Withdrawing one's hand to avoid injury and soothing the pain of that injury are two distinct evolutionary responses, but their molecular origins and signaling pathways have eluded scientists thus far.
Now research led by investigators at Harvard Medical School identifies the nerve-signaling pathway behind the deep, sustained pain that sets in immediately following injury. The findings also shed light on the different pathways that drive reflexive withdrawal to avoid injury and the subsequent pain-coping responses.
Clinical observations of patients with neurological damage together with past research have outlined the distinct brain regions that differentiate between the reflexive withdrawal from a skin prick, for example, and the long-lasting pain arising from tissue injury caused by the pinprick.
The new study, however, is the first one to map out how these responses arise outside the brain
The findings, based on experiments in mice, put into question the validity of current experimental approaches for assessing the efficacy of candidate pain-relief compounds. Most current methods rely on measuring the initial, reflexive response that serves to avert tissue injury, rather than on measuring the lasting pain that arises from actual tissue damage, the researchers said. As a result, they said, some drug compounds that might have been successful in assuaging the sustained pain, the lasting sensation of pain that immediately follows injury, could have been dismissed as ineffective because they were assessed against the wrong outcome.
The team focused on a set of neurons called Tac1 emanating from the so-called dorsal horn, a cluster of nerves located at the lower end of the spinal cord that transmit signals between the brain and the rest of the body. The precise function of Tac1 had remained poorly understood so Ma and colleagues wanted to know whether and how these neurons were involved in the sensation of sustained pain.
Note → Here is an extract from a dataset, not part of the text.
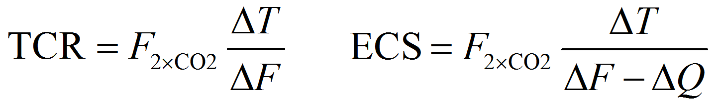 Specifically, the relationships between decadal means of ΔT and ΔF (for TCR) or ΔF − ΔQ (for ECS) in each forced simulation are used to produce separate estimates of GISS-E2-R’s TCR and ECS for each forcing agent, according to the energy budget equations:[5]
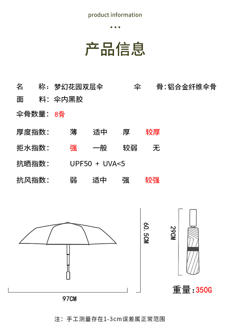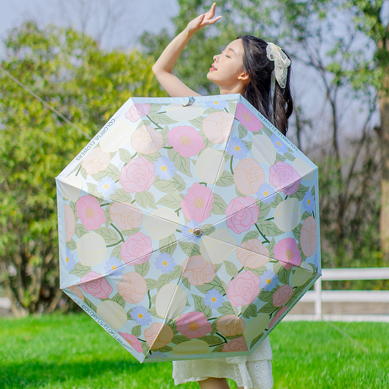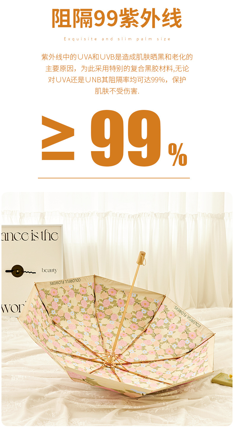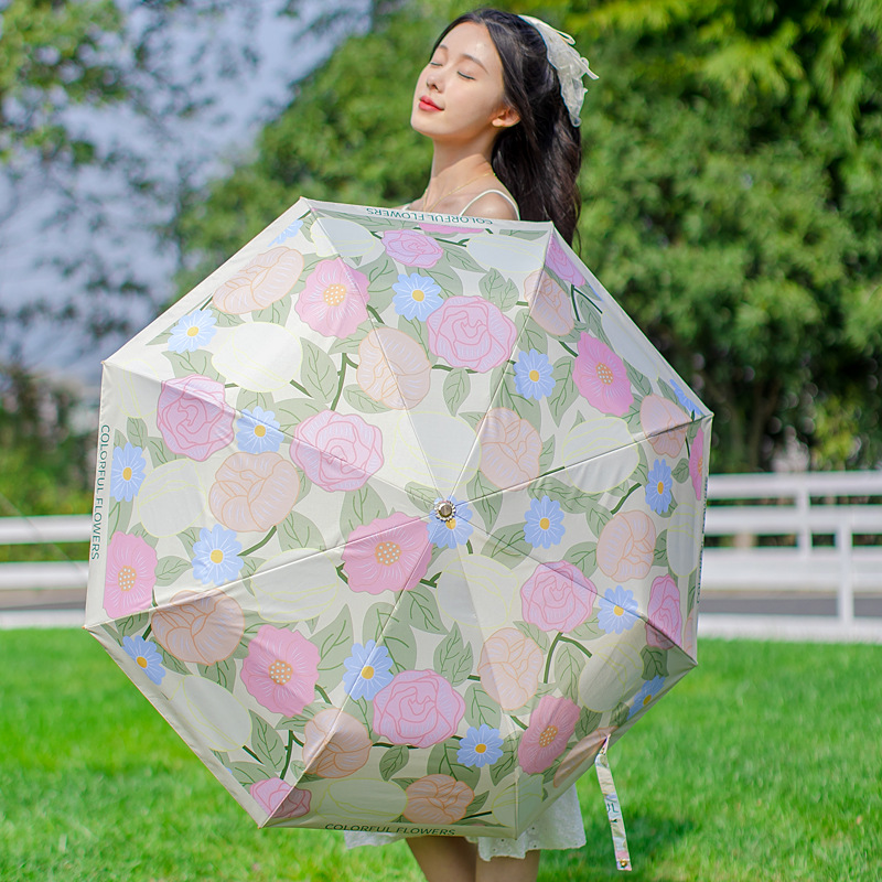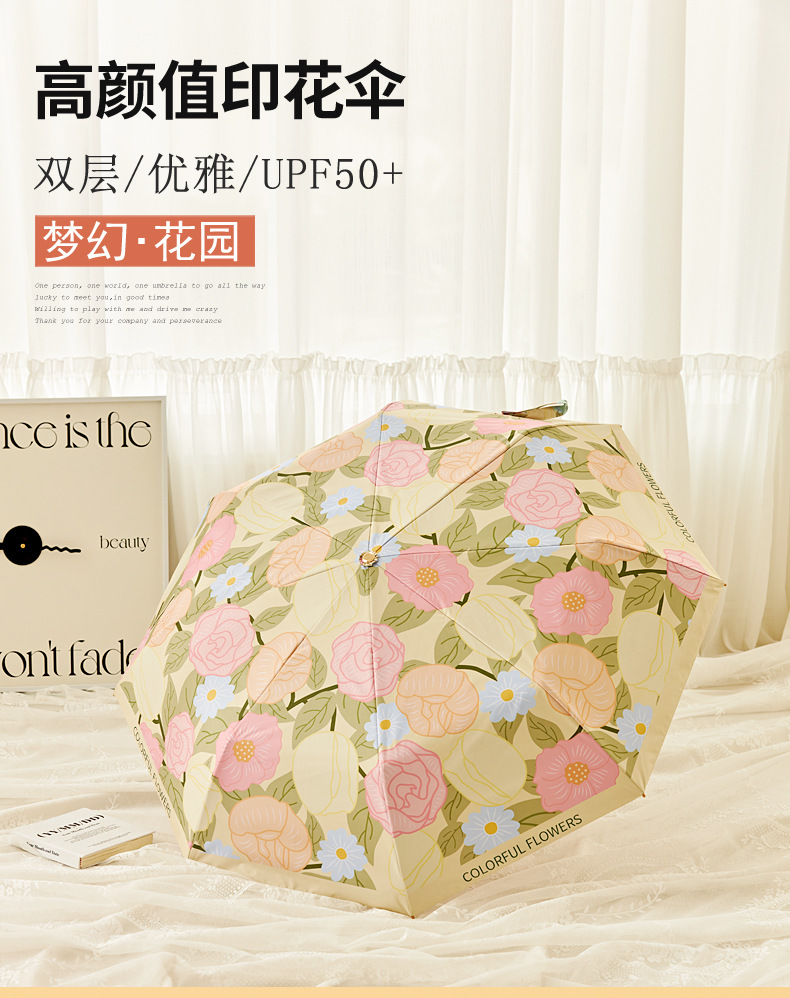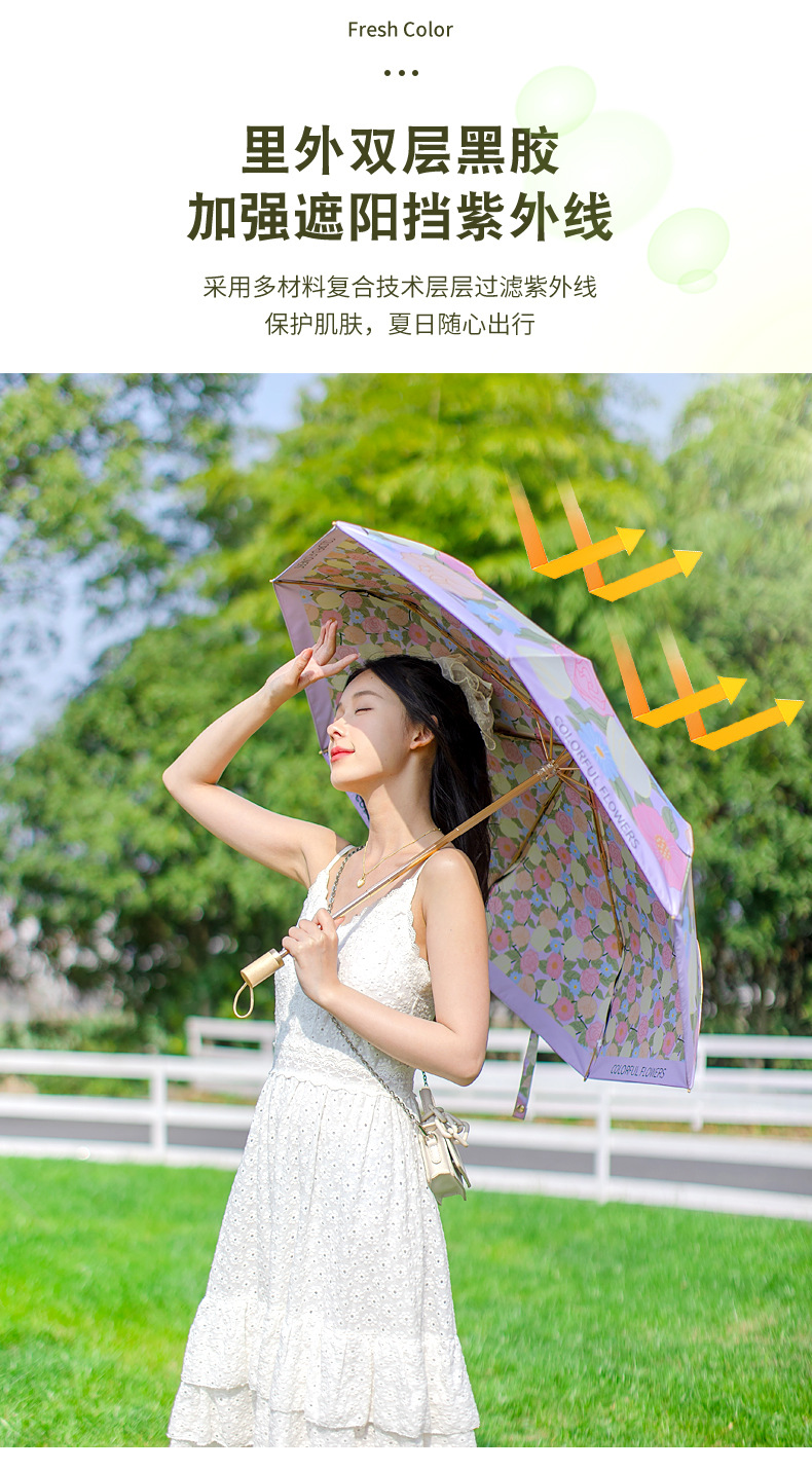 더블 레이어 드림 가든 써니 우산 블랙 고무 안티-자외선 태양 우산 여성용 접이식 햇빛 우산 이중 사용스토어 가기

In a series of experiments, the team assessed pain response in two groups of mice, one with intact Tac1 neurons and another with chemically disabled Tac1 neurons
The results of the study affirm the presence of two lines of defense in response to injury, each controlled by separate nerve-signaling pathways. The rapid withdrawal reflex is nature's first line of defense, an escape attempt designed to avoid injury. By contrast, the secondary, pain coping response helps reduce suffering and avert widespread tissue damage as a result of the injury.